Department of Pediatrics, University of Ulm, Eythstrasse 24, 89075 Ulm, Germany.
Immunol Allergy Clin North Am. 2010 Feb;30(1):31-44. doi: 10.1016/j.iac.2009.11.004.
Curative treatment of Severe Combined Immunodeficiency (SCID) by Hematopoietic Cell Transplantation (HCT) remains a challenge, in particular in infants presenting with serious, poorly controllable complications. In the absence of a matched family donor, HLA-haploidentical transplantation from parental donors represents a uniformly and readily available treatment option, offering a high chance to be successful.

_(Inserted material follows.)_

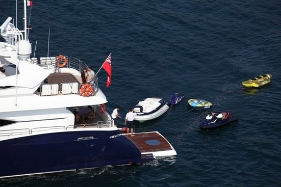 These include a 5 Metre tender, two stand-up jet skis, one three-seater jet bike, a banana, ringo, waterskis, wakeboard and snorkeling gear and fishing rods.

Concerning outcomes of HCT in SCID, other important parameters beside survival need to be taken into consideration, in particular the stability and robustness of the graft and its function, as well as potential late complications, related either to the disease or to the treatment.
造血干细胞移植(HCT)治疗严重联合免疫缺陷(SCID)仍然是一个挑战,尤其是在出现严重、难以控制的并发症的婴儿中。在没有匹配的家族供体的情况下,来自父母供体的 HLA 单倍体移植是一种普遍且易于获得的治疗选择,成功率很高。关于 SCID 患者 HCT 的结果,除了生存率之外,还需要考虑其他重要参数,特别是移植物的稳定性和功能,以及潜在的迟发性并发症,这些并发症可能与疾病或治疗有关。